# my new filtration set up......over kill much!



## 92smokeaccord (Jun 5, 2012)

so it's been a long time since i did anything with my tank.between work and kid i just haven't had any fun time to my self.i lost some coral mainly the big lobo due to my last setup wasnt cutting the phosphate enough. so now with some of my parts for my 150 i made my 29 a super filter.lol now for the specs.

i know this is complete over kill so bear with me lol.with this set up i should be able to have anything coral wise maybe over stock if i want.

iwaki 55rlt return pump! 1500gph and a 18ft head hight.
e.t.s.s super skimmer ment for a 300 gallon tank lol.
hob over flow box with 2 1 inch drains meant for 1500ghp.
custom twin spray bars in tank one almost to the bottom one on top for water current threw the rock work.
aqua c 47 watt uv
1" piping all around except in tank.which is 1/2"
2 korala wave makers 240 gph
35 gallon plastic tub as sump with sock and bulk head.filled with chemi pure and roaphos aka silicate and phos remover.


not much for stock just 2 misbar moca clowns...and a cleaner shrimp 


pics


----------



## badxgillen (Aug 20, 2010)

Thats too bad about the lobo but you can't win em all.

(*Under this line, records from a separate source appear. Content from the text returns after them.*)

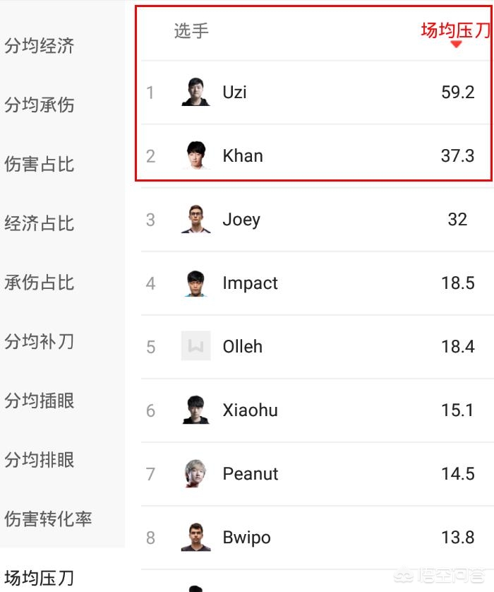 场均压刀....这个体现了UZI的个人能力,压刀能领先这么多,自然说明了对位上占据优势。很多人说UZI是因为吃三路线的原因,那么如果你看了下一条数据,就明白了。
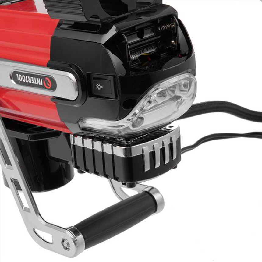 Вбудований LED-ліхтар допоможе зручно накачати колесо навіть у темну пору доби, працює як від прикурювача, так і від батарейок ААА типу.
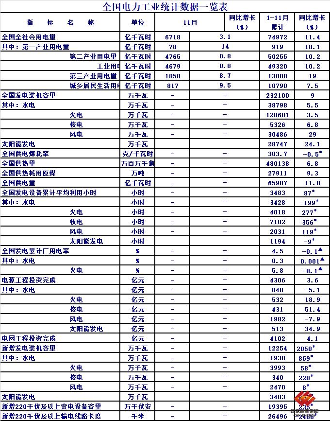 1-11月份,全國(guó)發(fā)電設(shè)備累計(jì)平均利用3483小時(shí),比上年同期增加87小時(shí)。其中,核電7102小時(shí),比上年同期增加356小時(shí);風(fēng)電2031小時(shí),比上年同期增加119小時(shí)。
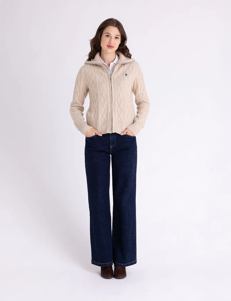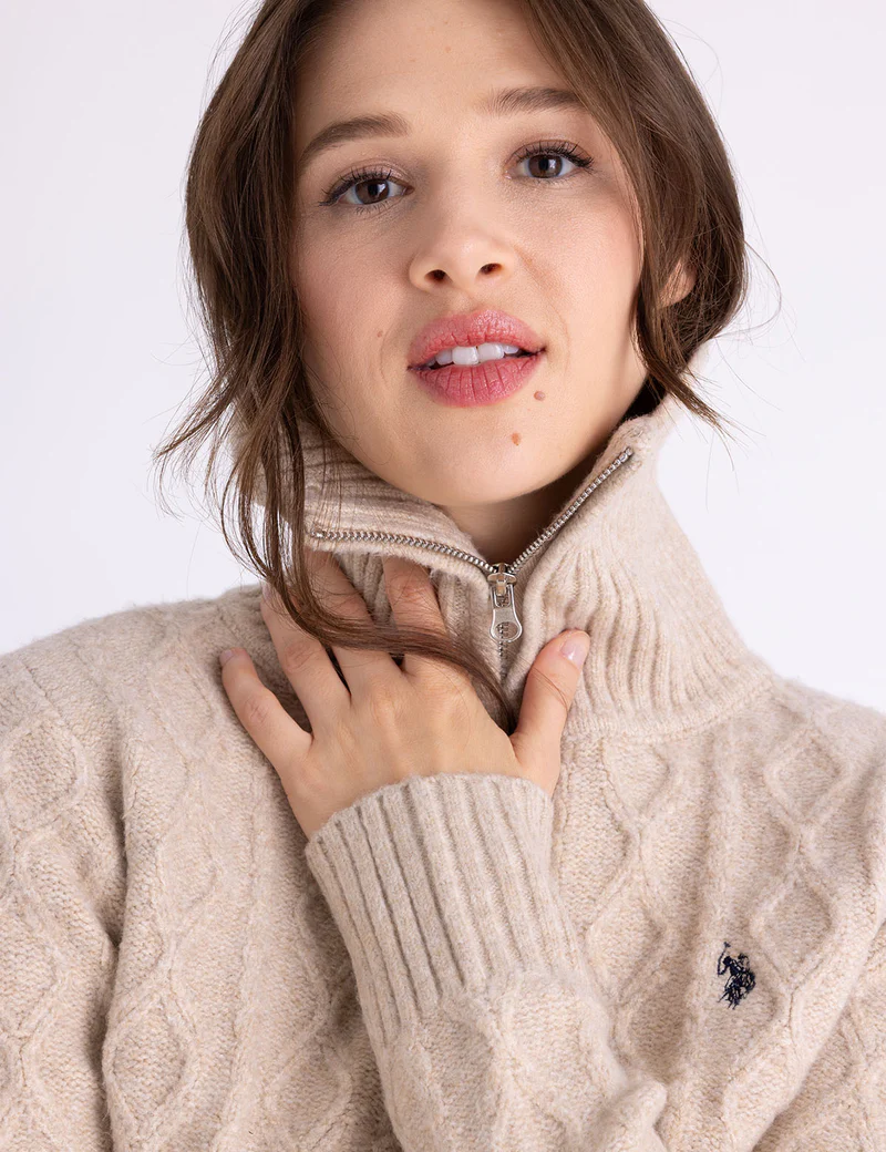 Свитер с косами на молнии – классическая косичная вязка с современной лёгкостью.

That is one burly pump for that system,does it have a check valve for back siphoning? Your right that with that much skimming and filter media you will have low nutrient environment for sure,plenty of flow I bet too. What are you planning on putting in there?


----------



## 92smokeaccord (Jun 5, 2012)

badxgillen said:


> Thats too bad about the lobo but you can't win em all. That is one burly pump for that system,does it have a check valve for back siphoning? Your right that with that much skimming and filter media you will have low nutrient environment for sure,plenty of flow I bet too. What are you planning on putting in there?


no check valve but a hole to cut siphon at water line.works so im not complaining.key is i dont know what to put. but i want to be able to put what ever and not really care tank wise you know..if i have to dose then cool but i dont want to think i need more filtration or light or whatever.


----------